Two major UN expert reports published earlier this week address the controversy of drone strikes and call for an increase in transparency in the treatment of civilian casualties.
In the first of the set of reports, the UN Special Rapporteur on extrajudicial killings, Christof Heyns, calls for end of the international secrecy surrounding who owns armed drones, how they are used and who is targeted.
The report highlights concerns that employing drone technology may lower the hesitation to kill, making it “easier for States to deploy deadly and targeted force on the territories of other States”. Heyns also advocates for stronger protection of civilians, urging that, in case of doubt, any person must be considered a civilian.

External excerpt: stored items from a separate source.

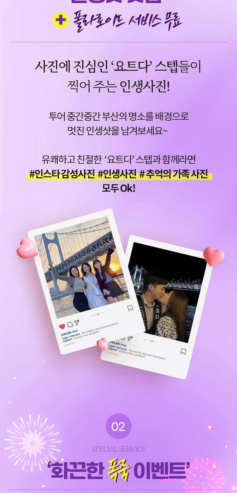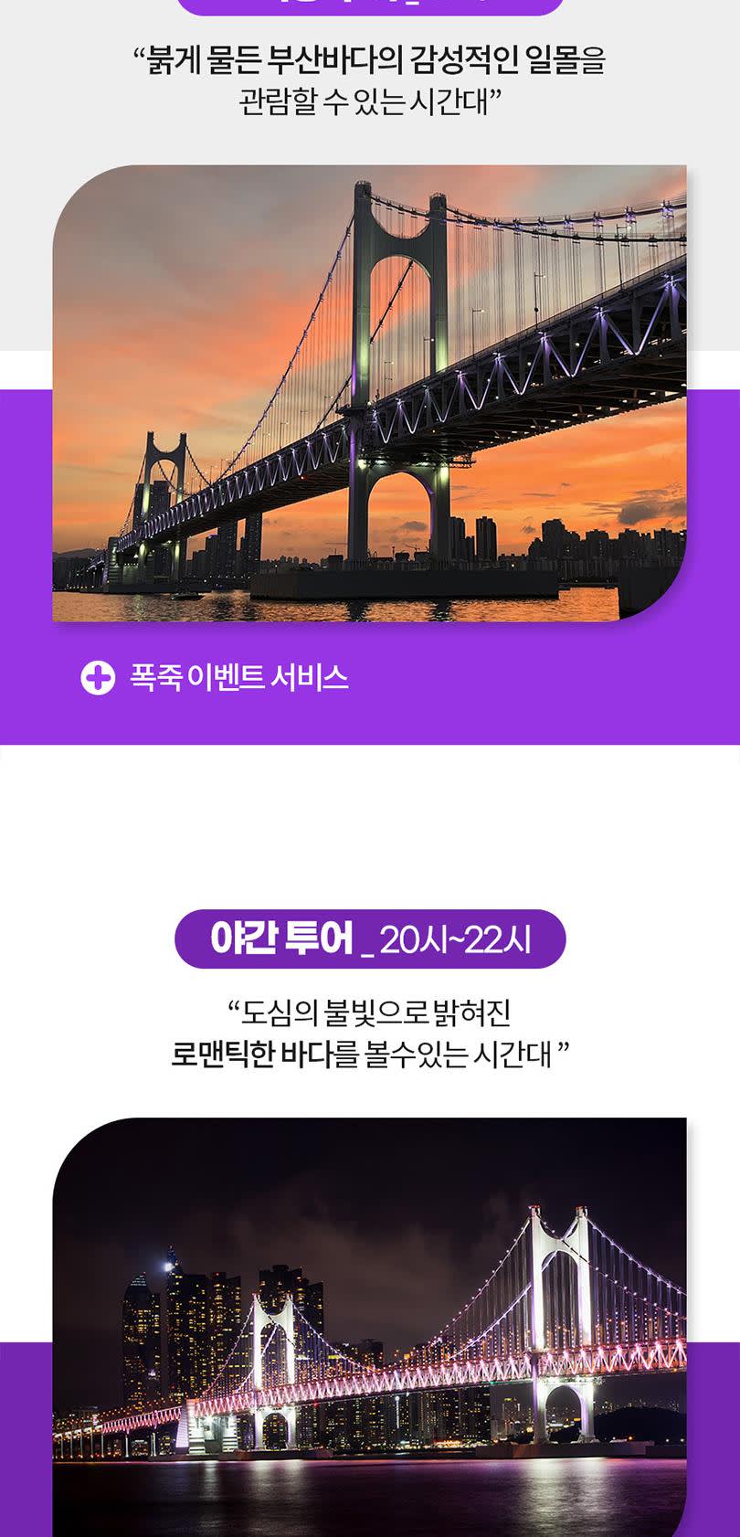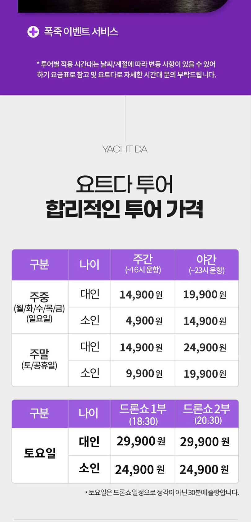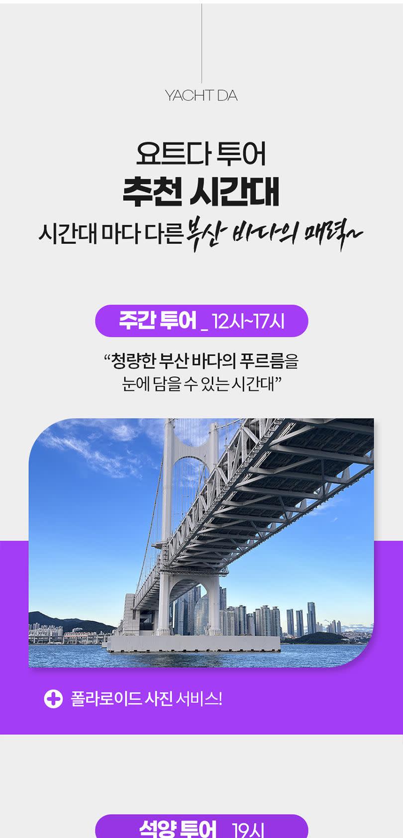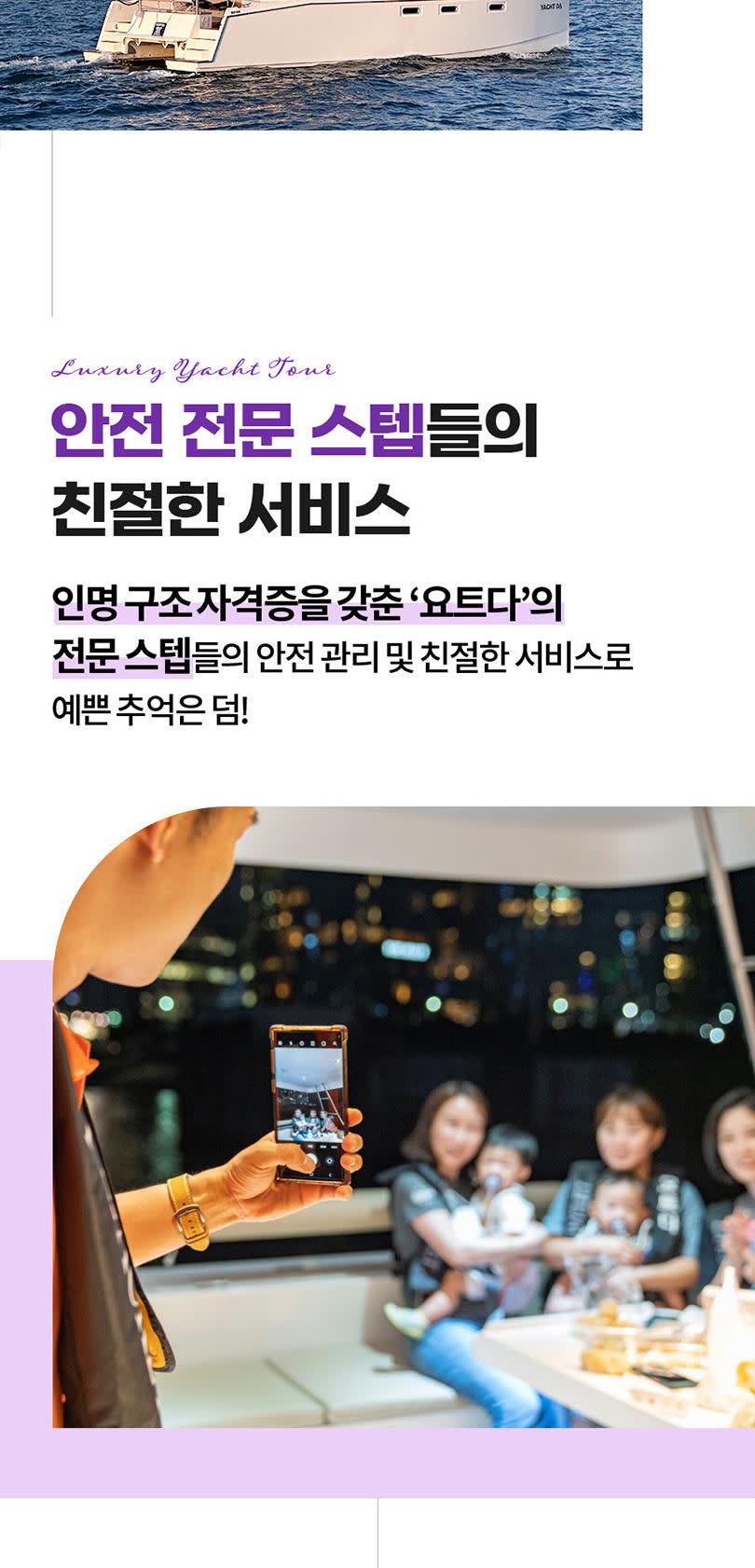 [이용 정보] * 판매기간 : ~ 2026.12.31 * 유효기간 : ~ 2026.12.31 [사용 방법] * 해운대 일대 교통이 혼잡하여 예약자분들께서는 30분전에 미리 도착하신다는 생각으로 오셔야 합니다. * 수영만요트경기장 내 요트투어 업체가 많으니 유의하시길 바랍니다. * 당일 노쇼 및 지각시 환불이나 일정 변경은 절대 불가하니 꼭 ! 유의해 주시길 바랍니다. [오시는 길] * 요트경기장 8번 계류장 입니다. * 본관을 기준으로 정면 국기게양대(요트계류장)을 바라보고 우측(광안리방향)으로 * 약 5분정도 걸어오시면 (장애인 역도 훈련장)이 있습니다. * (역도 훈련장)에서 요트 계류장을 바라보면 8번 계류장 출입문이 보입니다. * 8번 계류장 입구에서 대기 부탁드립니다. [이용방법] * 1. 원하는 티켓 구매 * 2. 구매 1시간 후 현장으로 유선 예약 필수 * 유선예약 : 1533-2944 / 010-9883-3333 - ※ 예약 후 티켓은 사용처리됩니다. - ※ 현장 예약 현황에 따라서 원하시는 시간대에 이용이 어려울 수 있어 유선 문의 필수 * 3. 현장방문, 고객 성함 및 휴대폰번호 확인 후 이용
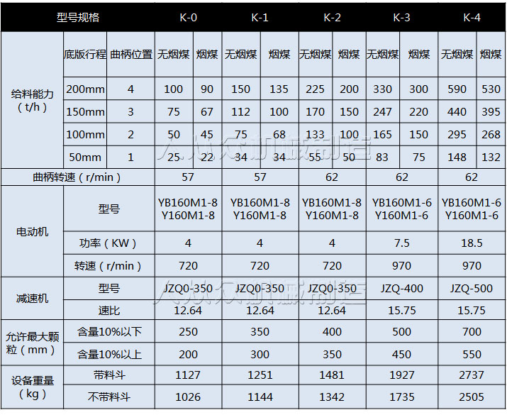 K型往復(fù)式給煤機技術(shù)參數(shù):                  K型往復(fù)式給煤機技術(shù)參數(shù):    咨詢熱線:18638319063(微信同號)
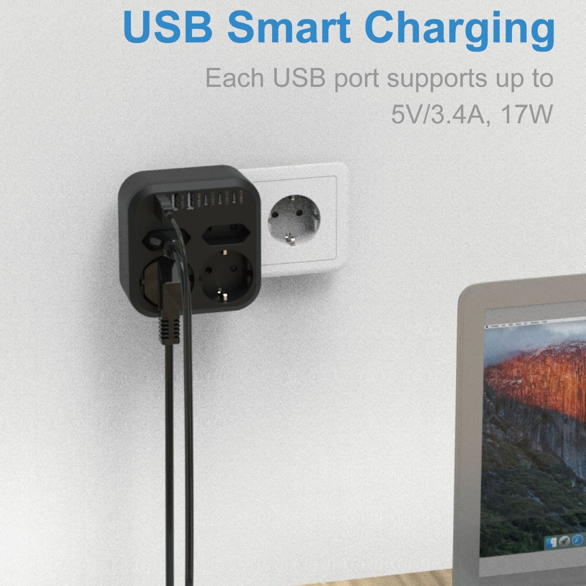方形多口USB TypeC插座转换器欧规德标一转四多功能6孔插座扩展器
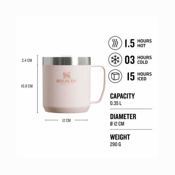 Къмпинг чашата Stanley The Legendary е проектирана да бъде съвместима с повечето кафе машини. Двустенната вакуумна изолация поддържа чая, кафето или друга напитка, горещо до 1.5 часа. Напитката ви може да остане, също така, студена до 3 часа и ледена до 15 часа. Перфектният партньор във вашите извънградски и градски приключения. Капакът на чашата, който и пасва перфектно е направен за лесно отпиване, за да се насладите на всяка капка. Къмпинг чашата от неръждаема стомана може да се мие, само на най-горния ред на съдомиялната машина.
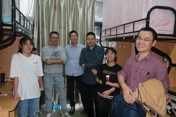 10日晚,1946伟德国际源自英国党总支书记余健、副书记宣刚、学办主任罗乐平和20级物流管理专业导师梁小亮一行深入走访新生宿舍,详细了解新生的住宿和适应情况。老师们走进宿舍看望新同学们,询问同学们返校情况,嘱咐同学们寝室里友好相处,希望大家能够尽快熟悉环境,互相关爱,奋进拼搏。
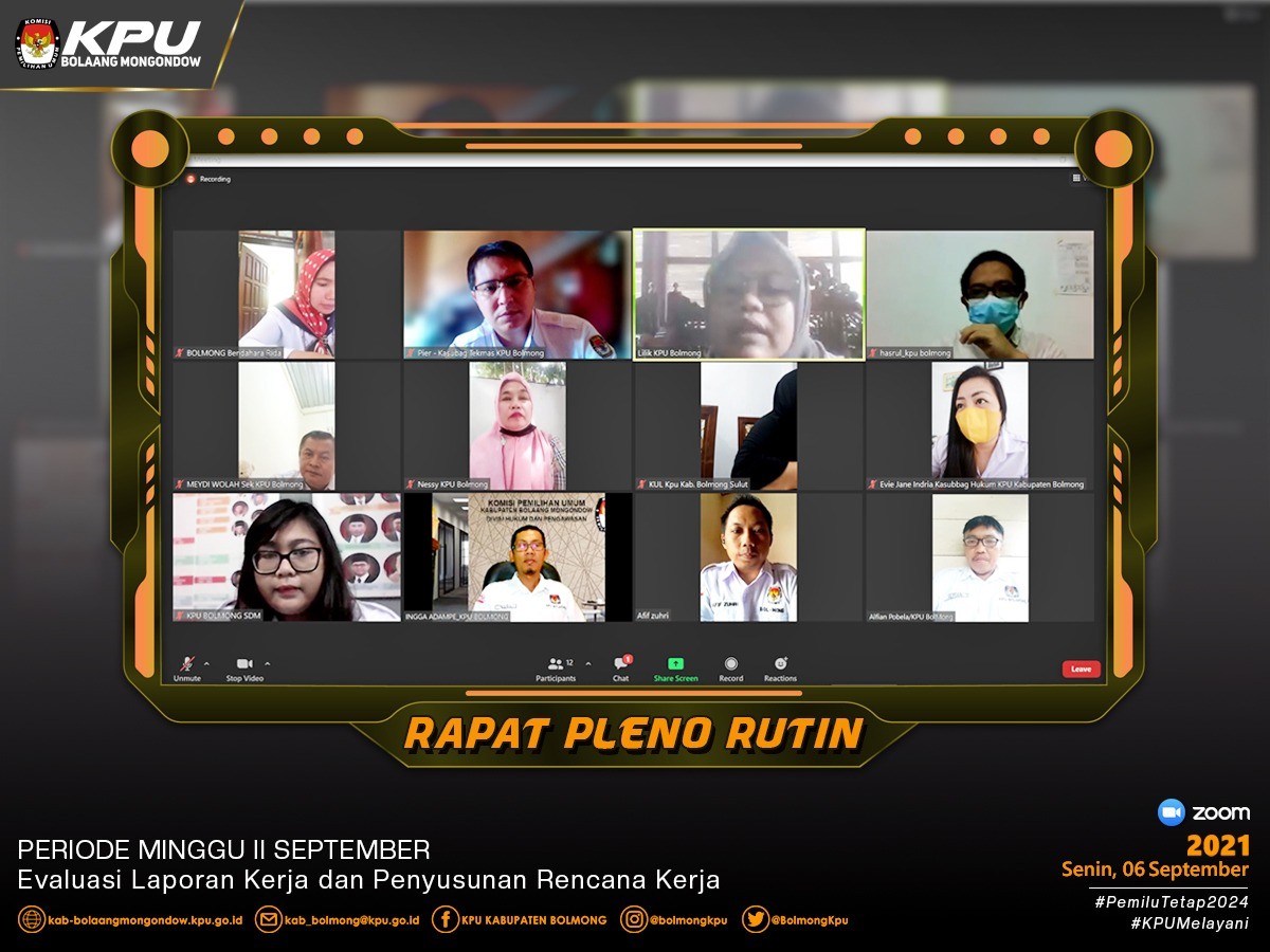 Lolak - KPU Kabupaten Bolaang Mongondow kembali menggelar Rapat Pleno Rutin (RPR) pada Senin, 6 September 2021. Rapat ini dilaksanakan secara luring dan daring sebagaimana surat undangan Ketua KPU Kabupaten Bolaang Mongondow Nomor : 171/TU.01.1-Und/7101/KPU-Kab/IX/2021.
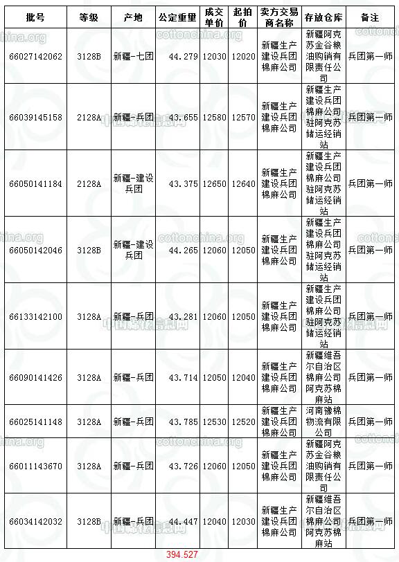 10月16日兵團棉競賣交易成交結(jié)果
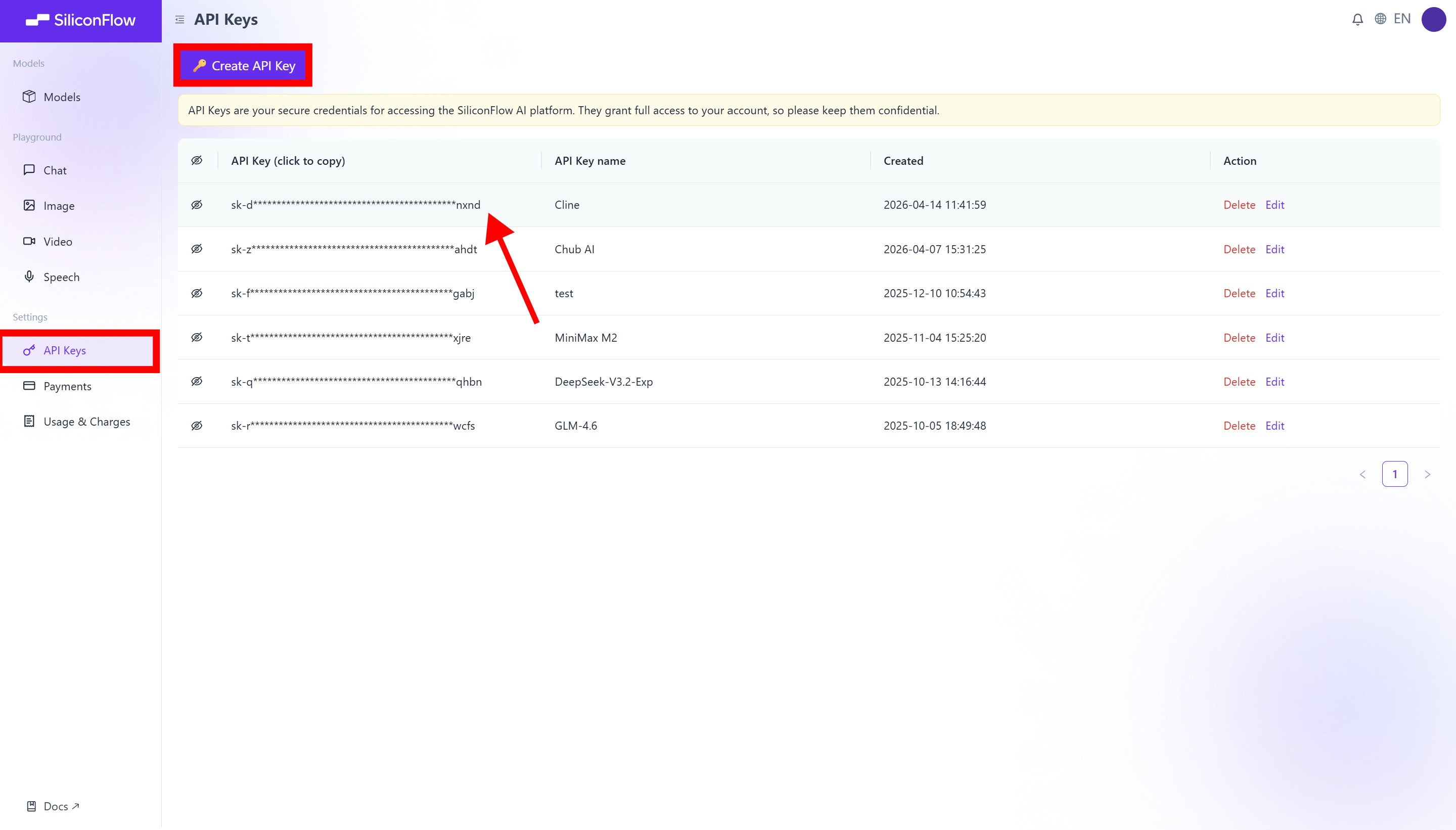 Click 🔑Create API Key and add a name to your key to help you identify it later, then confirm to create it.

The report urges states to refrain from placing drone operations under an umbrella of institutions that are prevented from publishing operational details – as it is the case in the US with the CIA’s covert deployment of armed drones in Pakistan, Yemen and Somalia.
In similar tones, the second report, prepared by UN Special Rapporteur on counter-terrorism Ben Emmerson, particularly appeals to the US to release drone-related casualty data. It denounces the covert operations run by the CIA and Special Forces, accusing these of causing an “almost insurmountable obstacle to transparency”. The report states that grounds of national security would not offer an acceptable justification for withholding strike data.
Referring to the problematic “accountability vacuum” in which drones operate, and reminds states of legal obligations to investigate civilian deaths.